Essentially a chamber piece, this is an insightful, deeply moving piece of psychological realism about the long-standing love between two older women and about the pressures they face because of one woman’s decision to keep her relationship, and her true sexual and emotional identity, secret from her family. Superbly crafted as narrative, and distinctively shot by Aurélien Marra, it features terrific performances from Martine Chevallier, and from someone whose presence will delight followers of German cinema: Barbara Sukowa, making the most of arguably her juiciest lead role outside her work with Margarethe von Trotta and R.W. Fassbinder.

See this if you like…

The films of Catherine Corsini (An Impossible Love (2018), Summertime (2015)); Marcelo Martinessi’s Paraguayan drama The Heiresses (2018).

The wild card…

The Girl with a Bracelet (La Fille au bracelet)

What’s it about?

A family and its certainties are thrown into disarray after 17-year-old Lise (Melissa Guers) is suspected of the fatal stabbing of her best friend.
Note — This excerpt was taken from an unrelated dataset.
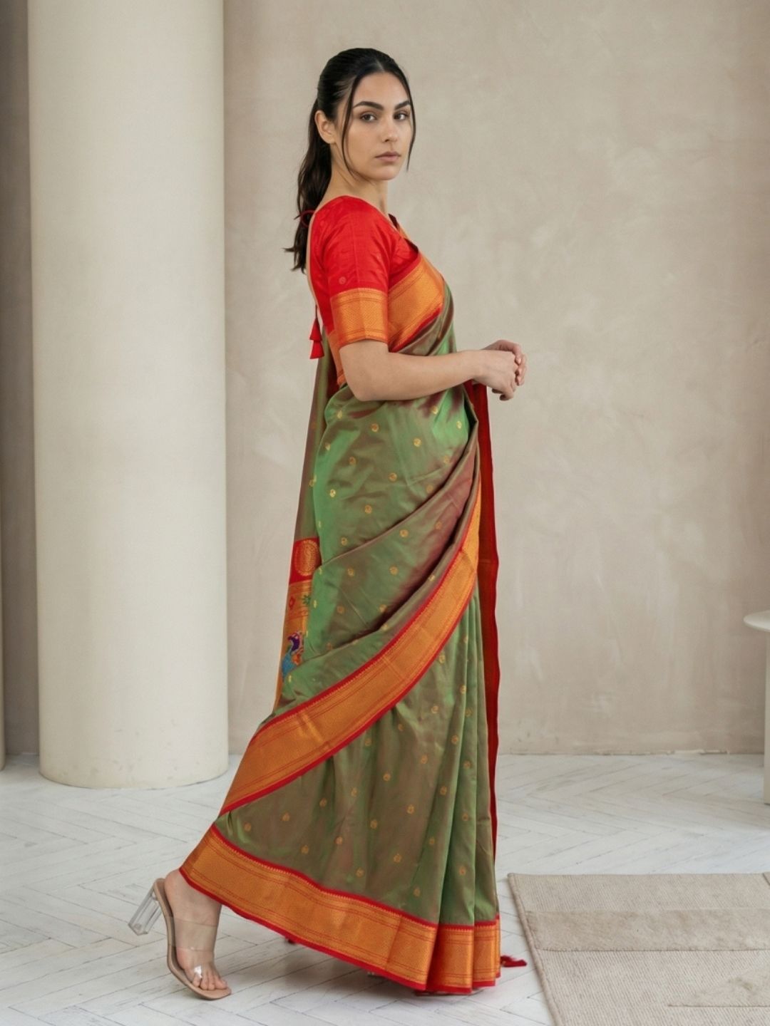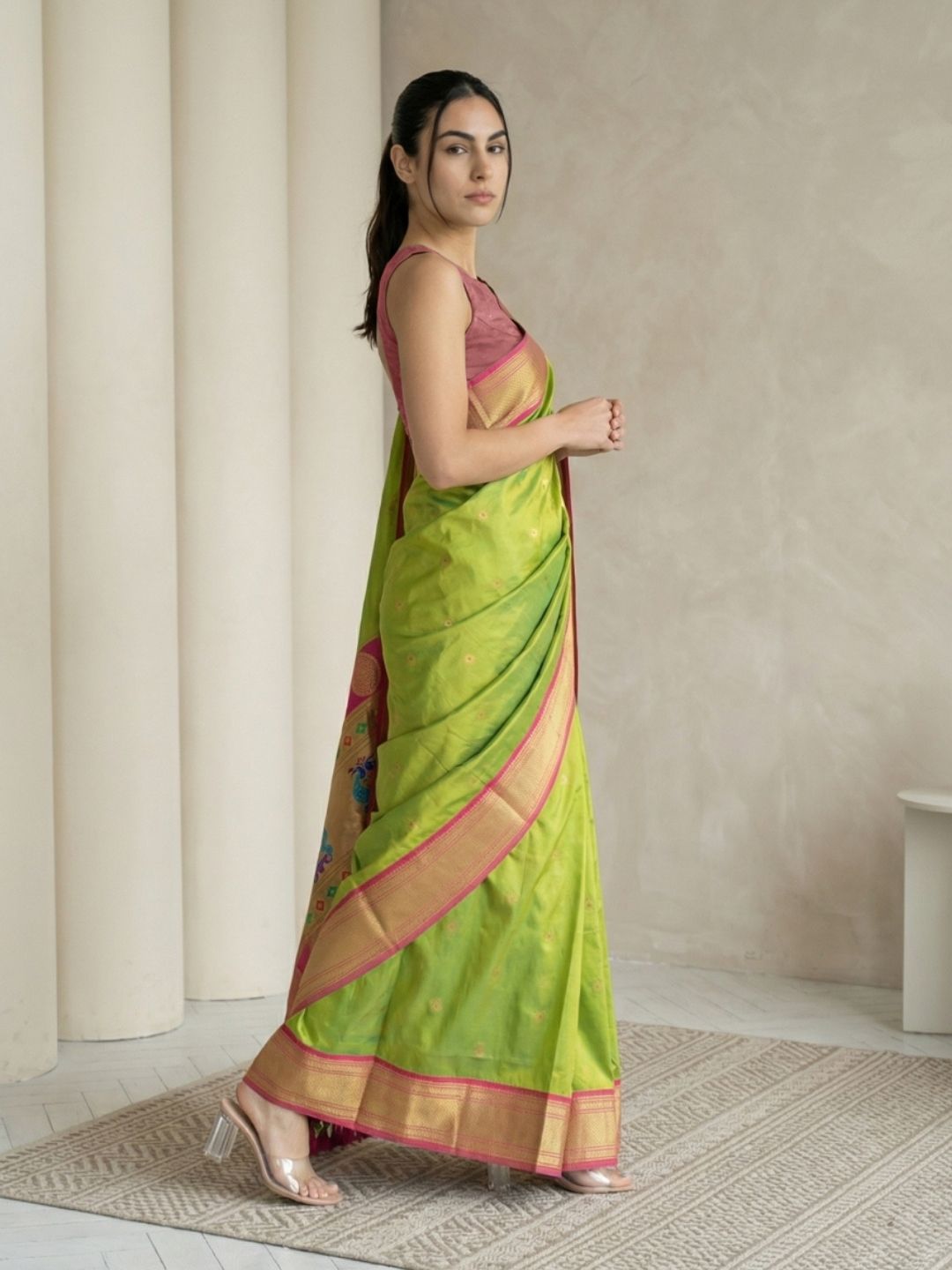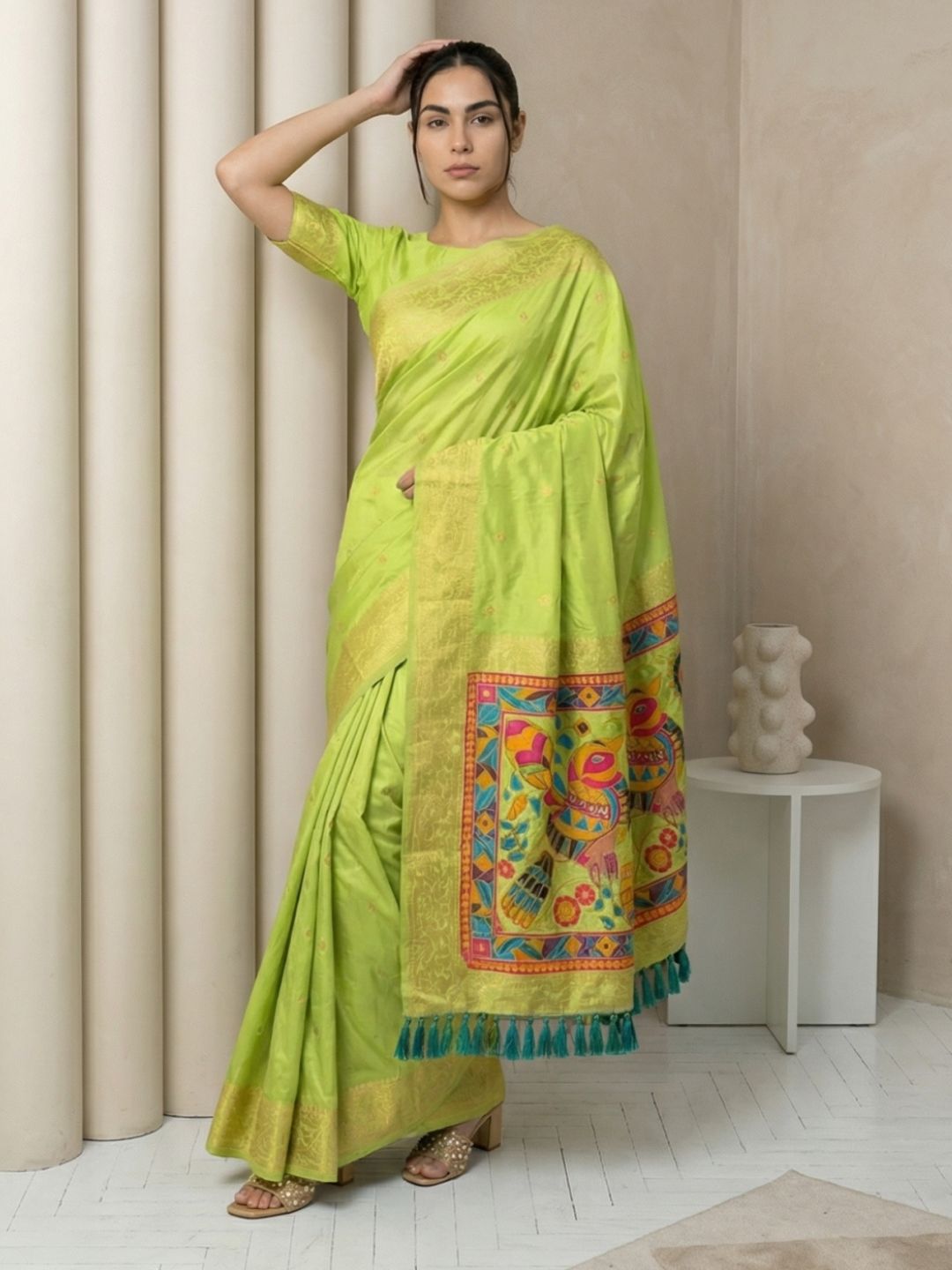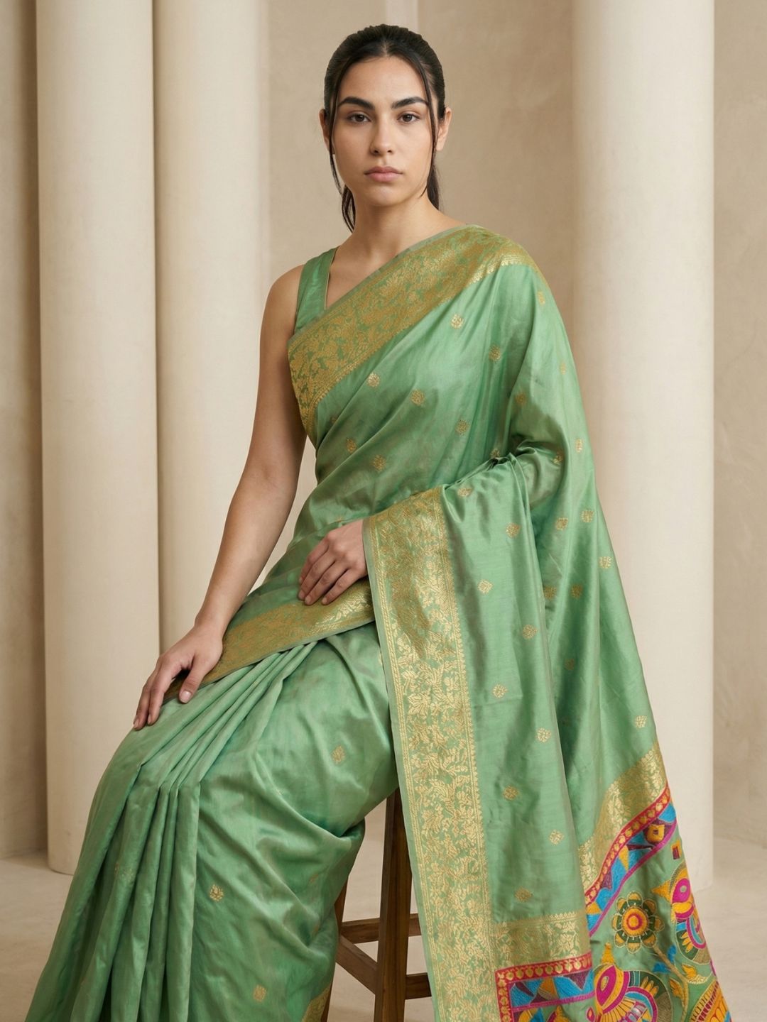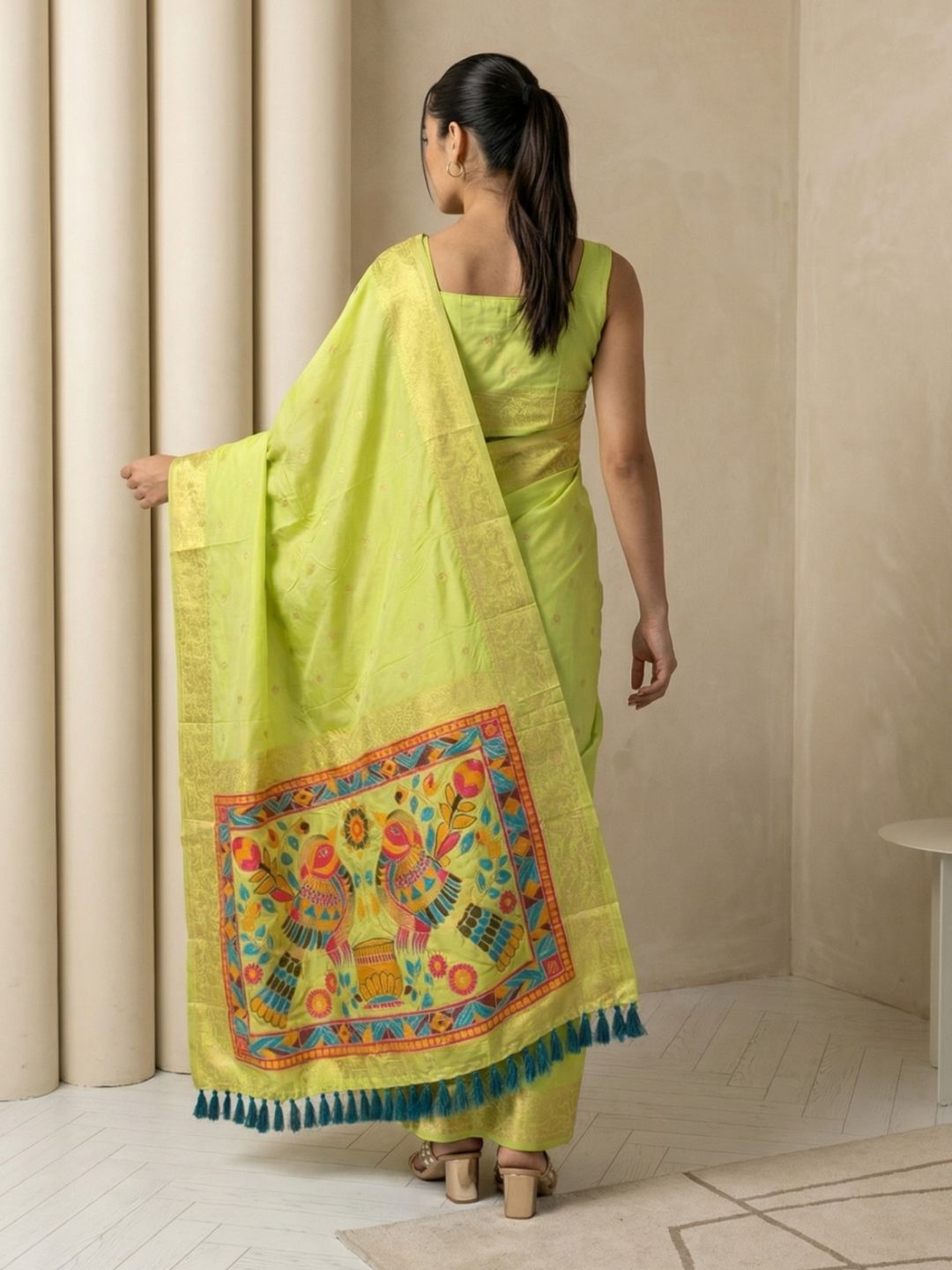 Mehendi Green Paithani Silk Saree with Muniya Satin Border

Suspicion, complex twists and the inexorable course of courtroom proceedings place Lise’s deepest secrets – and contemporary sexual and social mores – under a merciless spotlight.

Who made it?

This is the third feature from Stéphane Demoustier, who has some considerable form as a producer – notably of Guillaume Brac’s acclaimed 2011 mini-feature A World without Women. His own previous features are 2014’s 40-Love, with Olivier Gourmet and Valeria Bruni Tedeschi, and last year’s Cléo & Paul, about two small children lost in Paris.

What’s special about it?

Demoustier reworks Gonzalo Tobal’s recent acclaimed Argentinian film The Accused (2018) and makes it distinctively French, and very much his own. A judicial drama in the tradition of Simenon and Henri-Georges Clouzot, it also has echoes of Camus’s The Outsider in that it’s not just a crime that’s being tried, but a whole attitude to the world. A fine cast includes Roschdy Zem and Chiara Mastroianni as Lise’s parents; the director’s sister Anaïs Demoustier (François Ozon’s The New Girlfriend (2014), and a Robert Guédiguian regular) as an implacable prosecutor; and Guers making a powerful impression as the young woman in the dock.

See this if you like…

The criminal dramas of Claude Chabrol (Violette Nozière (1978), La Cérémonie (1995), et al); Eva Husson’s Bang Gang (2015), a recent French drama on contemporary teenage mores; and, of course, The Accused itself.